Evaluation

Evaluating the pipeline for querying a Graph Database, enriching context through a vector database, or using a CAG pipeline for summarizing a codebase proved to be a complex task. As a result, our evaluation primarily focused on the performance of RAG and the overall system efficiency.

RAG Evaluation

To assess the performance of our Retrieval-Augmented Generation (RAG) pipeline, we employed a combination of RAGAS and LLM as a judge to incorporate various aspects that one model may be missing out on. The definition of the two methods of evaluation methods are as follows :

Synthetic Query Evaluation with RAGAS

Using the RAGAS framework, we generate synthetic queries tailored to the codebase and evaluated the system’s ability to retrieve and synthesize relevant information. This approach allowed us to systematically measure the precision and recall of the RAG pipeline, ensuring that the retrieved context aligns with user intent.

LLM as a judge

Leveraging a large language model (LLM) as an impartial evaluator to judge the quality of responses. The LLM assessed the outputs based on criteria such as factual correctness, contextual relevance, and linguistic clarity. This method provided an additional layer of validation, ensuring that the system’s responses met high standards of quality and usability.

Results

The context recall by RAGAS achieved an average score of 0.8, indicating that the system consistently retrieved relevant information. However, factual correctness ranged between 0.3 and 0.4, suggesting that while the correct context was retrieved, the generated responses often contained inaccuracies. Using the default F1 score in RAGAS to measure factual correctness, we observed that retrieving 10 related documents introduced additional information, which diluted precision and lowered the overall F1 score compared to the synthetic responses generated by RAGAS.

To address this, we switched to using recall as the primary metric, which better accounted for the differences, resulting in an improved factual correctness score of approximately 0.6. While this was an improvement, it still fell short of expectations. To investigate further, we analyzed a specific example where the factual correctness score was 0.3. Upon human evaluation, the response appeared accurate. We then used an LLM as a judge to assess the similarity between the synthetic and pipeline-generated responses, which yielded a high similarity score of 0.9.

This analysis demonstrated that our RAG pipeline is robust and capable of producing accurate answers, even if the default evaluation metrics do not fully reflect its performance.

Efficiency

Efficiency is critical for making the Code Analysis Agent usable on real-world codebases.
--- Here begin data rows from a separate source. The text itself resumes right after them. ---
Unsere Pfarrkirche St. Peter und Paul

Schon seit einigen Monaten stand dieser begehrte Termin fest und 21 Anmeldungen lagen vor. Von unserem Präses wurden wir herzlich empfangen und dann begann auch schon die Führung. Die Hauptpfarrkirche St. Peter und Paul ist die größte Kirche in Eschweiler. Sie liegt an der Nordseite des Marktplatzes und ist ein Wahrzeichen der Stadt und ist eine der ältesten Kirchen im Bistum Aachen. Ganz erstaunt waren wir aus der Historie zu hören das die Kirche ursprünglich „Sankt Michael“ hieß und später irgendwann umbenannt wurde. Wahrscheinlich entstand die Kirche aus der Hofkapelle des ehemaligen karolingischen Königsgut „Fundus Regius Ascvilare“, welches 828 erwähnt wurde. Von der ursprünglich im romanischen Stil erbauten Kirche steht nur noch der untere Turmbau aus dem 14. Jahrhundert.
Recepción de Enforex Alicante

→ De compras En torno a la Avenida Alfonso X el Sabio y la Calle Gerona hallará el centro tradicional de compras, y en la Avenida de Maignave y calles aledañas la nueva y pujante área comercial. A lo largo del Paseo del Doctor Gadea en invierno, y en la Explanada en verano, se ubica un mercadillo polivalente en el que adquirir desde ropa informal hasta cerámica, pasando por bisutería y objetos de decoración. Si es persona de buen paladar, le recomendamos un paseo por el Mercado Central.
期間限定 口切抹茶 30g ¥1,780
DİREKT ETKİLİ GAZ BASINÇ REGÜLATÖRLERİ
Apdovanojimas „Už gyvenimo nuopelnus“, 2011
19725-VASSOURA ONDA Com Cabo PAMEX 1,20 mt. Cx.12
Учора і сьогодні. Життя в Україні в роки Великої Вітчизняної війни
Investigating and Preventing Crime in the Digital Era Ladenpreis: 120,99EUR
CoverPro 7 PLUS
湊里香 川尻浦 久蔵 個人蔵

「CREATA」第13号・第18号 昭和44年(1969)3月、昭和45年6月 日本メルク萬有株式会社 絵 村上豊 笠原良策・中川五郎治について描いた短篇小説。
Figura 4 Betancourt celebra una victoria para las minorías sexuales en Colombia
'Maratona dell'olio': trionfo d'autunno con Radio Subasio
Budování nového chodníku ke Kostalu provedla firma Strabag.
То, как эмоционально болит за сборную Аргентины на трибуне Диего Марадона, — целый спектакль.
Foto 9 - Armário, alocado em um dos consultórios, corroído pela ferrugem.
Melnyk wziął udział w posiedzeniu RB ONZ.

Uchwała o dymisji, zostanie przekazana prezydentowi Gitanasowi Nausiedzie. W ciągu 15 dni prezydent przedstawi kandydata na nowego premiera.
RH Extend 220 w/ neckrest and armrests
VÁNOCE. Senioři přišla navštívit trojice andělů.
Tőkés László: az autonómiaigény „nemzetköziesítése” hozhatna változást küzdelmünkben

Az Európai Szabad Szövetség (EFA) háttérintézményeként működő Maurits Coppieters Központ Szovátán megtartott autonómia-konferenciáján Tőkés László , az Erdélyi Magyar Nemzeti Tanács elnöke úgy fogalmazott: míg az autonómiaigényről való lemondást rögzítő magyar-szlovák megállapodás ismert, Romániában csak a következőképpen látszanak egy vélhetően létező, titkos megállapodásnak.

In this section, we evaluate two major aspects: the time required for data ingestion (preprocessing and database population) and the latency experienced during interactive query responses.

Data Preprocessing/Ingestion

The data preprocessing pipeline consists of several sequential stages: transforming raw Python files into natural language descriptions, generating graph structures, and uploading the results into the Neo4j and vector databases. The following table summarizes the time taken for each of these stages during a typical run on a moderately sized codebase:

Stage	Time (Graph DB)	Time (Vector DB)
Code → NL	71s	57s
Graph Generation	381s	X
Database Input	62s	0s
Total Time	8m 34s	57s

These timings highlight that the initial overhead for ingestion is non-trivial, especially due to the time-intensive nature of code parsing and language model processing. However, once ingestion is complete, the system is able to serve user queries efficiently without needing to reprocess the underlying codebase.

Note

Note: Future improvements such as incremental graph updates (see Future Extensions) could reduce ingestion times significantly.

Response Latency

Response time is crucial for user experience when interacting with the system. We separately measure the latency for both micro-agent and macro-agent workflows, distinguishing between responses that generate natural language answers and those that involve visualization generation.

Micro Agent

The micro agent handles fine-grained codebase queries, such as retrieving detailed relationships between modules or classes. Latency is broken down into the following stages:

Stage (Text Response)	Time (Text Response)	Stage (Visualization Response)	Time (Visualization Response)
Generate/Execute Query	140s	Generate/Execute Query	140s
RAG Retrieval	10s	Create Visualization	42s
Total Time	150s	Total Time	182s

Micro-agent responses typically involve a multi-step process: building a Cypher query, executing it against the Neo4j database, optionally performing retrieval-augmented generation (RAG) for additional explanation, and formatting the final output. Visualization workflows replace RAG retrieval with the generation of relationship graphs.

Macro Agent

The macro agent generates high-level overviews of the codebase structure and creates mermaid diagrams for architectural summaries. Response timing for macro workflows is shown below:

Stage	Time
LLM Summarization	16s
Mermaid Diagram Generation	33s
Total Time	49s

In contrast to the micro agent, the macro agent operates primarily through direct text generation followed by conversion into visual diagrams. As a result, its overall latency tends to be more predictable but may still vary depending on the size and complexity of the input codebase.

Overall, while response times are acceptable for typical use cases, further optimizations could enhance responsiveness, particularly for large-scale repositories or complex relational queries.